» ACTIVITY
Reproduce exactly the first line of the material below and every line after it, ending with the line that contains "Livingola Rak Piring". No pictures should be copied.

» GIVEN DATA
-----

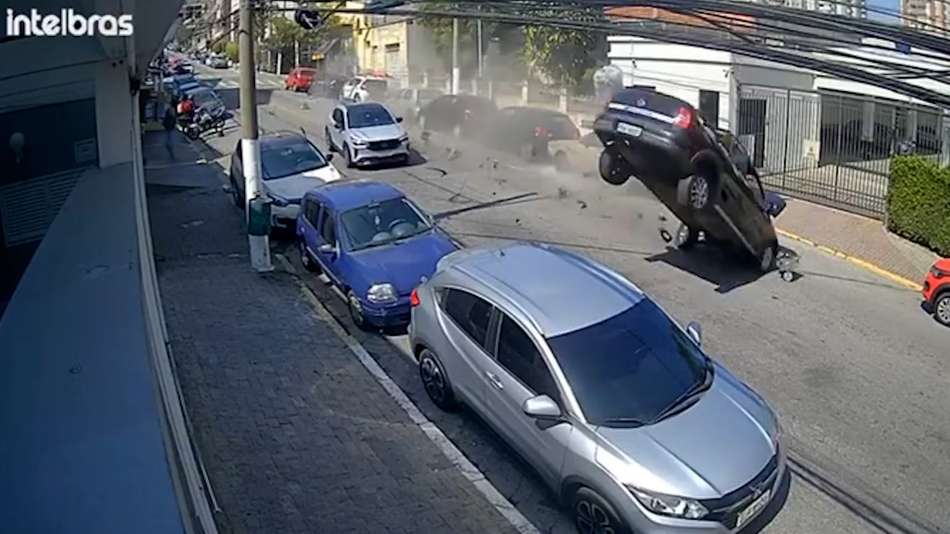 O acidente ocorreu na tarde desta quinta-feira, 14, no bairro Vila Guilherme. Vídeo de câmera de segurança mostra o momento em que a caminhonete capota após o perder o controle na Rua Paulo de Avelar. O veículo atingiu outros dez que estavam estacionados e o motorista ficou preso nas ferragens; ele foi resgatado pelo Samu. Reprodução/Marquinhos Kinder/Facebook
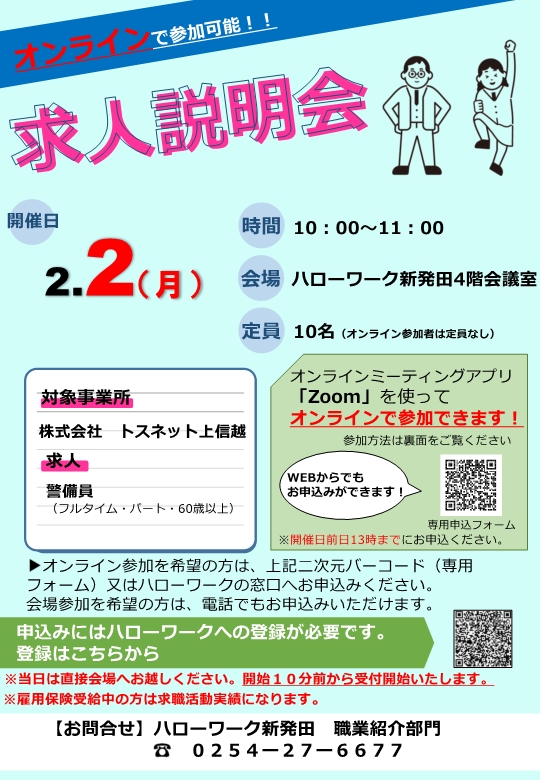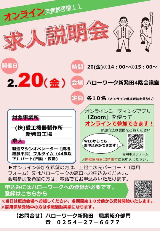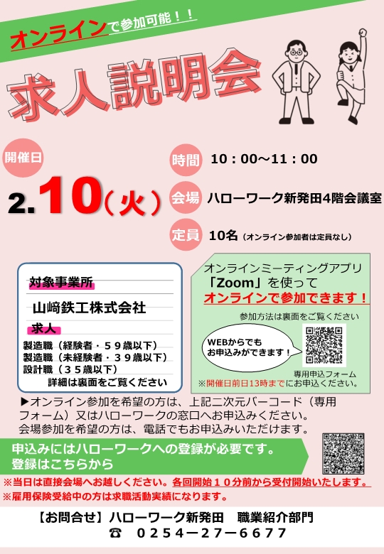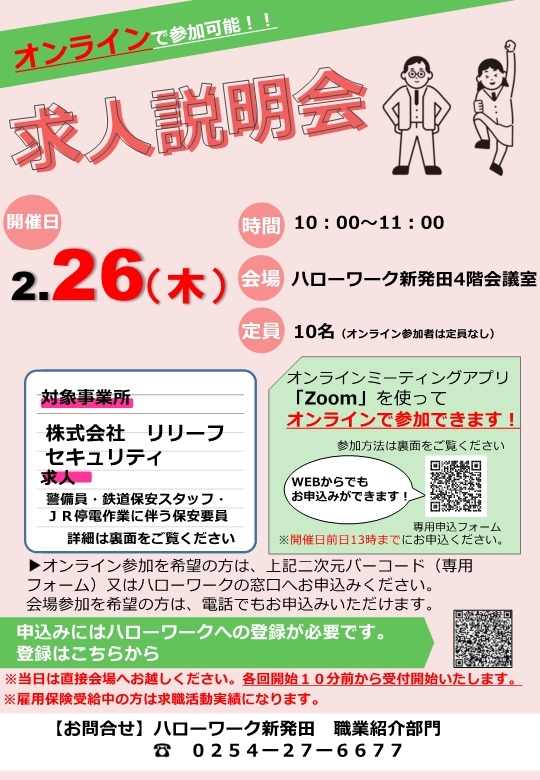 なお、上記の時間を過ぎてお申込みされる場合は、ハローワーク新発田(0254-27-6677)までご連絡ください。
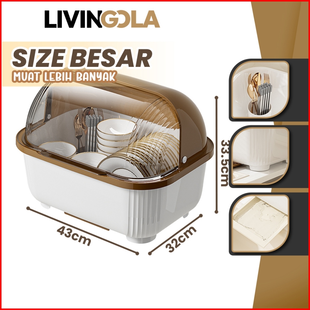 Livingola Rak Piring Dengan Tirisan Air Extra Besar C33 - C80a Rak Piring Mangkok Rak Piring Serbaguna
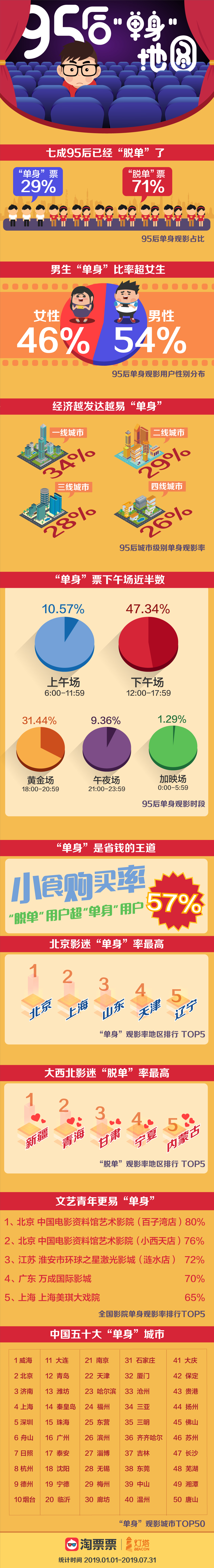 淘票票及燈塔專業(yè)版的數(shù)據(jù)顯示,在95后觀影人群中,有29%的用戶購買“單身票”(僅買一張票)觀影,而71%的95后均選擇購買兩張及以上電影票來觀影;在獨身觀影用戶中,男性以54%的占比超過女性8個百分點;情感狀態(tài)也在一定程度上決定了用戶的觀影習慣。報告數(shù)據(jù)顯示,95后“單身”用戶集中在白天觀影,僅下午場(12:00-17:59)占比就達到47.34%,而晚9點后的夜場份額占比僅1成左右。

-----

» SOLUTION FOR THIS PROBLEM
 O acidente ocorreu na tarde desta quinta-feira, 14, no bairro Vila Guilherme. Vídeo de câmera de segurança mostra o momento em que a caminhonete capota após o perder o controle na Rua Paulo de Avelar. O veículo atingiu outros dez que estavam estacionados e o motorista ficou preso nas ferragens; ele foi resgatado pelo Samu. Reprodução/Marquinhos Kinder/Facebook
 なお、上記の時間を過ぎてお申込みされる場合は、ハローワーク新発田(0254-27-6677)までご連絡ください。
 Livingola Rak Piring Dengan Tirisan Air Extra Besar C33 - C80a Rak Piring Mangkok Rak Piring Serbaguna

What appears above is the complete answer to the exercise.